→ GIVEN INFORMATION:
▶

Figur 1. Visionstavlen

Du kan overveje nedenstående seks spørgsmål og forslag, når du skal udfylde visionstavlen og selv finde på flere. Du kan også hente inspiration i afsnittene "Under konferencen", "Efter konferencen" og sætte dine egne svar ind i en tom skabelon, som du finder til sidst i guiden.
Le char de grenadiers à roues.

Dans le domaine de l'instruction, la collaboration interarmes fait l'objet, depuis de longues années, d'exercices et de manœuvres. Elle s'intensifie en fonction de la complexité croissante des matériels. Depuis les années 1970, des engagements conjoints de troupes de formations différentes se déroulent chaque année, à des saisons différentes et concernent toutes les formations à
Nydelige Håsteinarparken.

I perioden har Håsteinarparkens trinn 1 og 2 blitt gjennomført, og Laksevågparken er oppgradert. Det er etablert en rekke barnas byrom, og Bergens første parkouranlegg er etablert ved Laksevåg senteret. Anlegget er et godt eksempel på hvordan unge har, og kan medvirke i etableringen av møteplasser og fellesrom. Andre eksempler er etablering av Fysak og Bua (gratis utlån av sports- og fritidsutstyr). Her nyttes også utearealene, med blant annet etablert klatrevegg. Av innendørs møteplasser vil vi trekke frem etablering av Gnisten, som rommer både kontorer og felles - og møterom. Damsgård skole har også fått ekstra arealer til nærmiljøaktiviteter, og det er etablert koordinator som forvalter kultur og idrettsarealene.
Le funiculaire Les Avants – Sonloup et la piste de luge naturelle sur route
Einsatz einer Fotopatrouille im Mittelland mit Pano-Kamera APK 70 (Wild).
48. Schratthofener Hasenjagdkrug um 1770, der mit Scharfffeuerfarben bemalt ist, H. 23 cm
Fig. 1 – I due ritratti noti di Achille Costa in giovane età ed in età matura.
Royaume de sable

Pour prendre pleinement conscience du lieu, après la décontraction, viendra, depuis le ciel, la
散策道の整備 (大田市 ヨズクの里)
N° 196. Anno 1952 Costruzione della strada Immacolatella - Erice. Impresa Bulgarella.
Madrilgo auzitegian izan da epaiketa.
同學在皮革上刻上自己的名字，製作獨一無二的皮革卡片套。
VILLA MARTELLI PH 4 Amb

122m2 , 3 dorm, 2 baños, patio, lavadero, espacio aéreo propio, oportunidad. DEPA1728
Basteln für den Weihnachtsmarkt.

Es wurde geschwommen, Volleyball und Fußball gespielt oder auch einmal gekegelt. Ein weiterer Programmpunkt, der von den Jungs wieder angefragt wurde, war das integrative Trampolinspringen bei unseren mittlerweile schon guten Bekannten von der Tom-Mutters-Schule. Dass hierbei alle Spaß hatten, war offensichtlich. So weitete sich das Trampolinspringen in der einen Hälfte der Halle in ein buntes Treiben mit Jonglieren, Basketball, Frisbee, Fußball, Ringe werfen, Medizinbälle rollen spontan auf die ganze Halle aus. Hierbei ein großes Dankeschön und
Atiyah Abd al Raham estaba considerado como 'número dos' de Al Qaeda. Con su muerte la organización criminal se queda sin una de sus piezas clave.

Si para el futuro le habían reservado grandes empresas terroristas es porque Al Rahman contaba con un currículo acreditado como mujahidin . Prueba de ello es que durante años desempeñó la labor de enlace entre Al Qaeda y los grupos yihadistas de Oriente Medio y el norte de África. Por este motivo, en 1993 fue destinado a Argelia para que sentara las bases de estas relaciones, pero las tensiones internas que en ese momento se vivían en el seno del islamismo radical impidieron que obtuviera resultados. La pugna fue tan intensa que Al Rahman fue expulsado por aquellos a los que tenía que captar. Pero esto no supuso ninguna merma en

◀

→ INSTRUCTIONS TO FOLLOW: Across the records above, show each line containing the word "depuis".

→ REPLY TO THE EXERCISE:
Dans le domaine de l'instruction, la collaboration interarmes fait l'objet, depuis de longues années, d'exercices et de manœuvres. Elle s'intensifie en fonction de la complexité croissante des matériels. Depuis les années 1970, des engagements conjoints de troupes de formations différentes se déroulent chaque année, à des saisons différentes et concernent toutes les formations à
Pour prendre pleinement conscience du lieu, après la décontraction, viendra, depuis le ciel, la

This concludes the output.